The kind of God who appeals to most people today would be easygoing in His tolerance of
our offenses. He would be gentle, kind, accommodating, and would have no violent reactions.
Unhappily, even in the church we seem to have lost the vision of the majesty of God. There
is much shallowness and levity among us. Prophets and psalmists would probably say of us that
“there is no fear of God before their eyes.” In public worship our habit is to slouch or squat; we
do not kneel nowadays, let alone prostrate ourselves in humility before God. It is more
characteristic of us to clap our hands with joy than to blush with shame or tears. We saunter up to
God to claim His patronage and friendship; it does not occur to us that He might send us away.
We need to hear again the apostle Peter’s sobering words: “Since you call on a Father who
judges each man’s work impartially, live your lives … in reverent fear” (1 Peter 1:17).
In other words, if we dare to call our judge our Father, we must beware of presuming on
Him. It must even be said that our evangelical emphasis in the atonement is dangerous if we
come to it too quickly. We learn to appreciate the access to God that Christ has won for us only
after we have first seen God’s inaccessibility to sinners.
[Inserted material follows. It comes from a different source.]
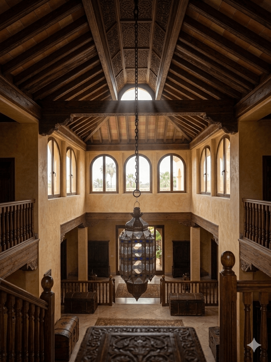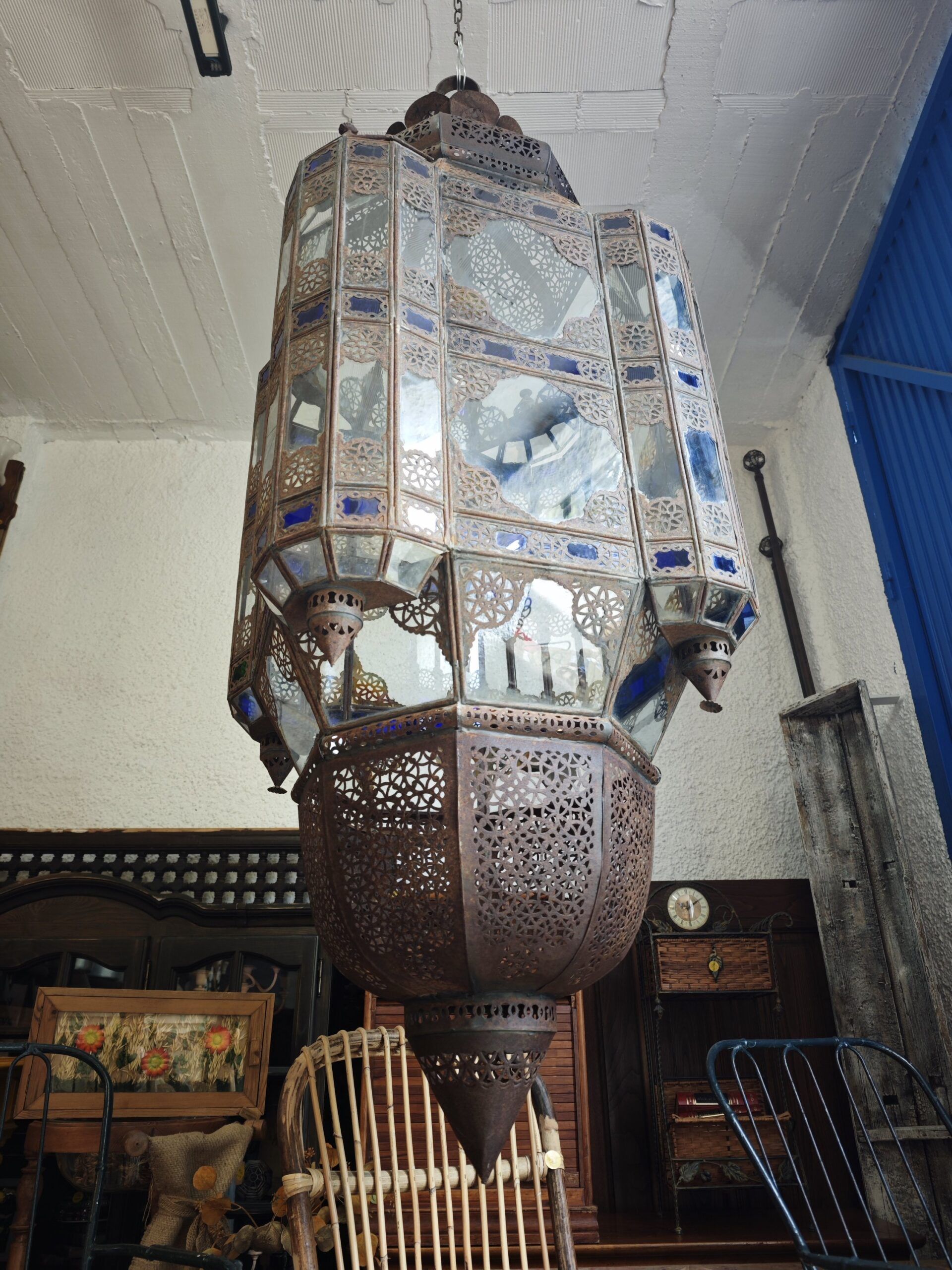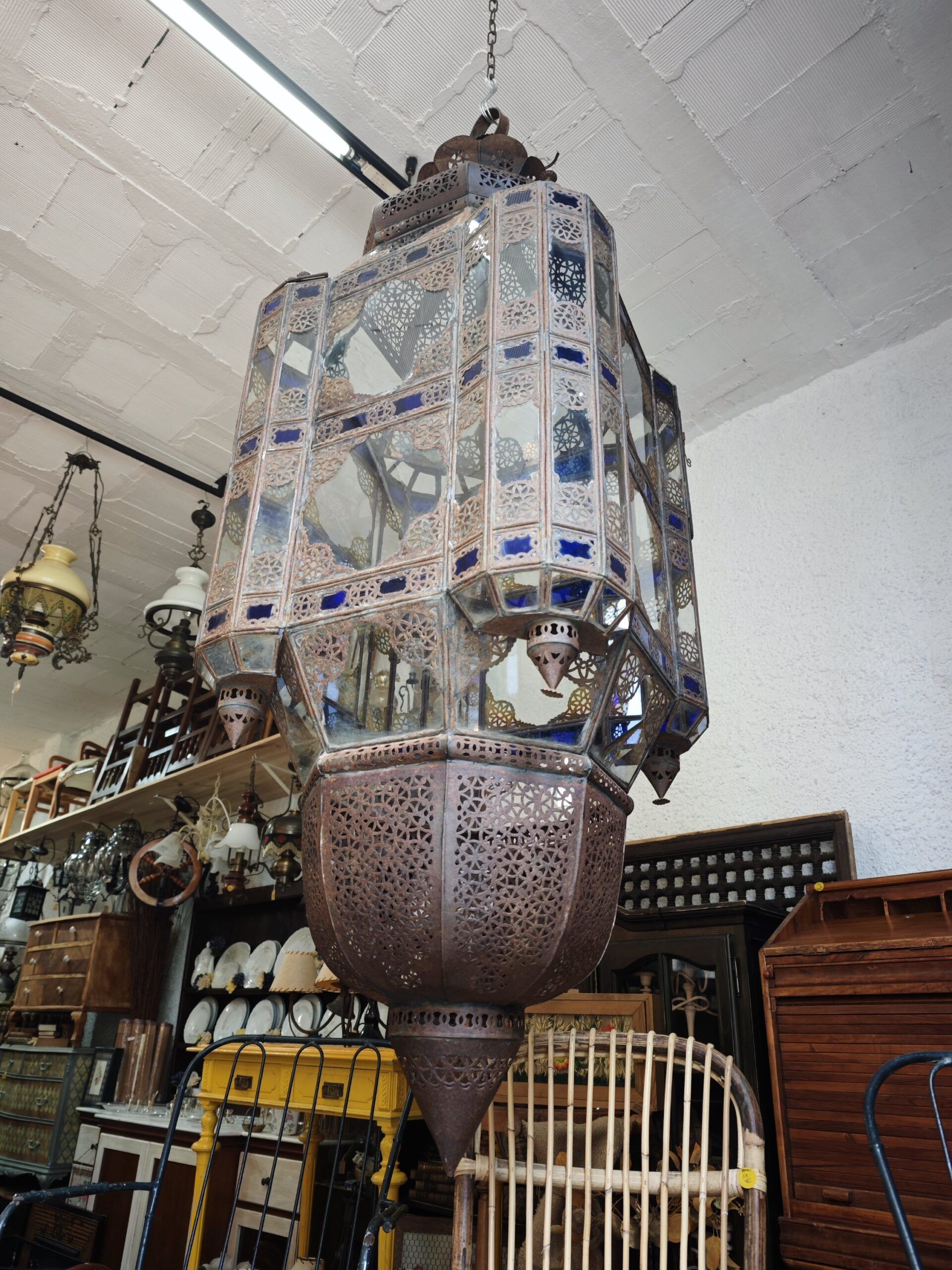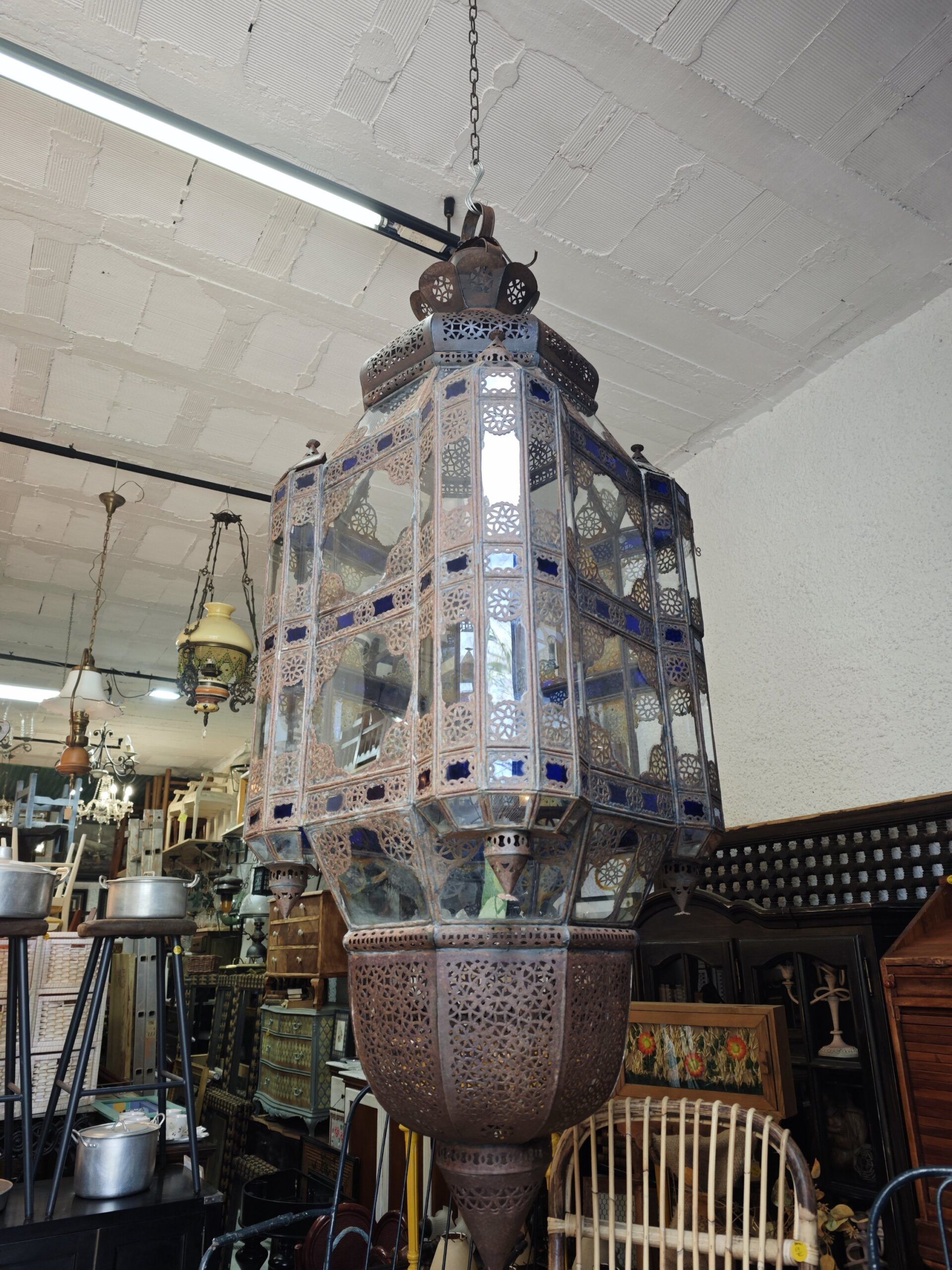 Esta impresionante lámpara de techo de estilo árabe, fabricada en los años 70, destaca por su escala monumental y su exquisito trabajo artesanal. La estructura está realizada en metal con una pátina envejecida natural que realza su carácter vintage. Presenta un diseño geométrico complejo con paneles de cristal transparente y detalles en cristal azul cobalto que crean un contraste visual fascinante. El cuerpo central está profusamente decorado con calados hechos a mano (filigrana), diseñados para proyectar sombras intrincadas y una iluminación cálida y ambiental. Su forma hexagonal se remata con una cúpula superior labrada y una base cónica inferior, lo que la convierte en una pieza arquitectónica ideal para techos altos, entradas o proyectos de interiorismo que busquen un punto focal de gran impacto visual y elegancia exótica.
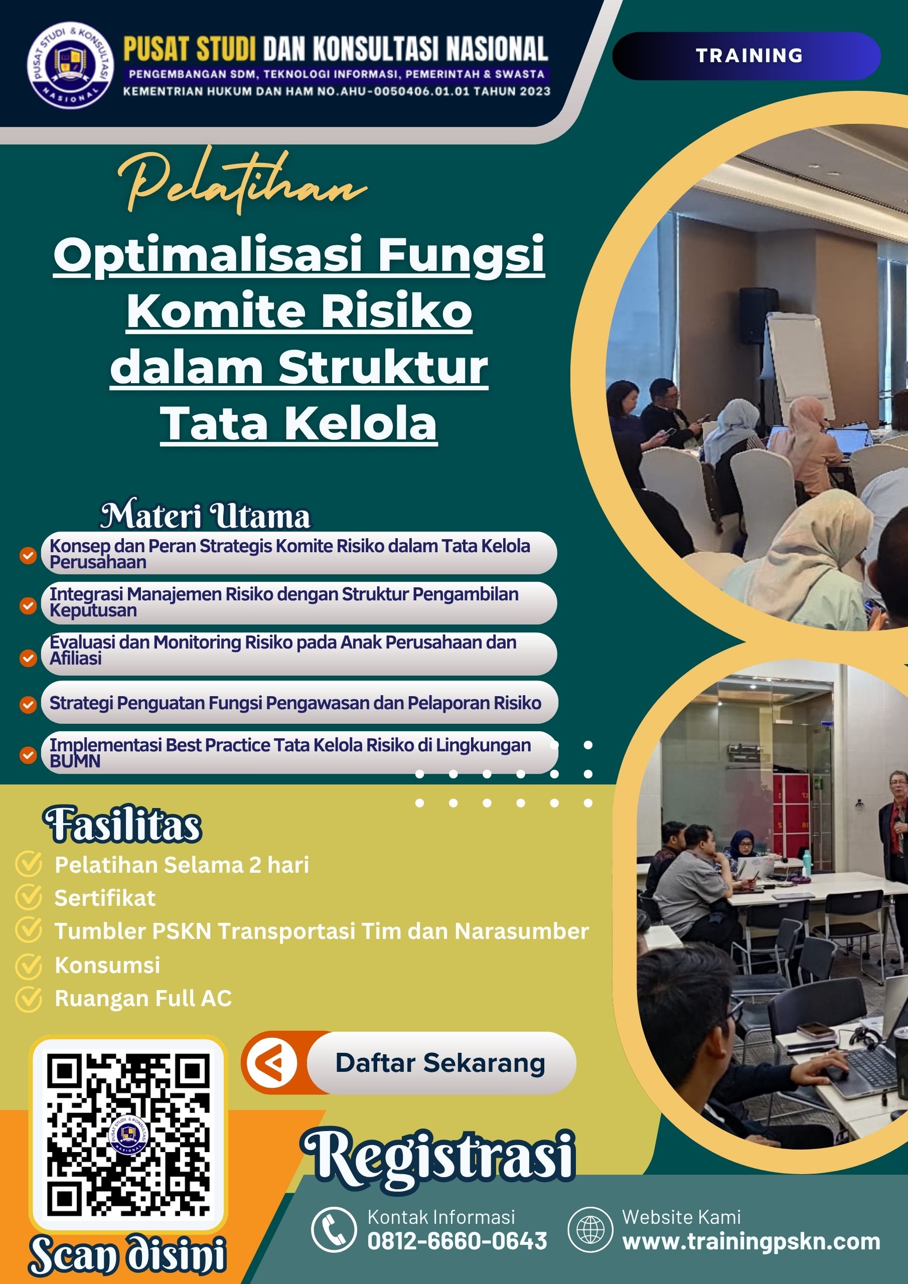 Wujudkan tata kelola perusahaan yang tangguh melalui penerapan manajemen risiko yang efektif dan pembentukan Komite Risiko yang profesional. Segera ikuti Pelatihan Penguatan Tata Kelola Risiko di Anak Perusahaan dan Afiliasi BUMN untuk memperkuat fondasi GRC di organisasi Anda.

We can cry “Hallelujah” with
authenticity only after we have first cried “Woe is me, for I am lost.”

John Stott
from the Lincoln Bible Reader
“But you have come to Mount Zion and to the city of the living God, the heavenly Jerusalem, and
to myriads of angels, to the general assembly and church of the firstborn who are enrolled in
heaven, and to God, the Judge of all, and to the spirits of the righteous made perfect, and to
Jesus, the mediator of a new covenant, and to the sprinkled blood which speaks better than the
blood of Abel … Therefore, since we receive a kingdom which cannot be shaken, let us show our
gratitude by which we may offer to God an acceptable service with reverence and awe; for our
God is a consuming fire” (Hebrews 12:22-24, 28-29).